There is a failure mode here, which is mistaking attention for correction. A large audience that only applauds is no better than an empty room. What you want is a small number of people who will tell you when you are wrong.

How to actually do it

Principles are cheap. The harder question is what working in the open looks like on a Tuesday, when you have ninety minutes and a half-broken idea.

Lower the stakes of publishing

The single biggest barrier is that publishing feels like a verdict. If hitting "publish" means "I am declaring this finished and good," you will almost never do it. So the trick is to make publishing mean something smaller.

  • A note is not an essay. It can be three sentences and a question.
  • A draft is allowed to be wrong, as long as it is marked as a draft.
  • A log entry records what you did, not what you achieved.

When publishing costs almost nothing, you do it often, and frequency is the whole game. The compounding only starts once the activation energy drops near zero.

Separate the seed from the bench

Keep a private space for seeds — the truly unformed, the things that would die if spoken aloud too soon. Then move things to the open bench deliberately, when they have enough shape to survive contact with other people.

The mistake is to have only one of these. All-private, and you lose feedback. All-public, and you lose the protected space where fragile ideas can form. The boundary between them is where the judgement lives.

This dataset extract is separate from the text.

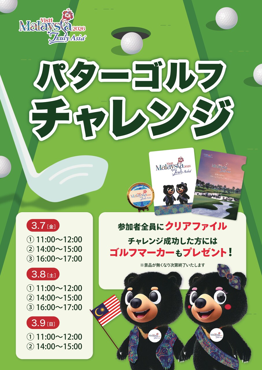 今年のゴルフフェアでは、3日間にわたって、ゴルフ好きの皆様にお楽しみいただけるイベントが盛りだくさん!その中でも、当局ブースではトークショーを開催いたします。お聞きしていただいた方を対象に、マレーシア往復航空券をはじめ豪華賞品が当たる抽選会を毎日開催します

Write the boring parts down

Most of working in the open is unglamorous documentation: what you tried, what broke, what you decided and why. This is tedious in the moment and invaluable later. The reasoning behind a decision evaporates within days; the decision itself remains, now mysterious.

2026-03-04  Tried the single-cycling toggle instead of three buttons.
            Reason: the corner UI was getting crowded; one control that
            previews its next state reads cleaner. Revisit if users miss
            direct access to "reader mode".

A log like this is the cheapest possible insurance against your future self, who will remember none of this and will otherwise be condemned to relitigate every settled question.

What it does to fear

Underneath all of this is fear, and it would be dishonest to pretend otherwise. The fear of working in the open is the fear of being seen to be wrong, or unfinished, or ordinary.

The audience is smaller than you think

The first consolation is statistical: almost no one is watching, almost all of the time. The imagined crowd — poised to judge your every misstep — does not exist. What exists is a handful of people, most of them busy, a few of them kind, and the occasional stranger who found the thing useful.

Being wrong in public is a skill

The second consolation is that being wrong in public is a skill, and like any skill it dulls the fear through repetition. The first time you publish something flawed and survive, you learn that the catastrophe was imaginary. The tenth time, you barely notice.

This is, in the end, the quiet benefit that outlasts all the others. Not better work, though the work does get better. Not feedback, though the feedback is real. It is the slow erosion of the particular fear that keeps so much good work trapped in closed rooms, unseen and unfinished, waiting for a confidence that only visibility could ever have provided.

A short coda

If you have read this far, you have scrolled a good distance, which means the outline on the right has had something to do. That small mechanical fact — a list of sections quietly tracking where you are — is itself a tiny argument for the open bench. It only works because the structure of the thing is visible.

Make the structure visible, and a great deal else follows.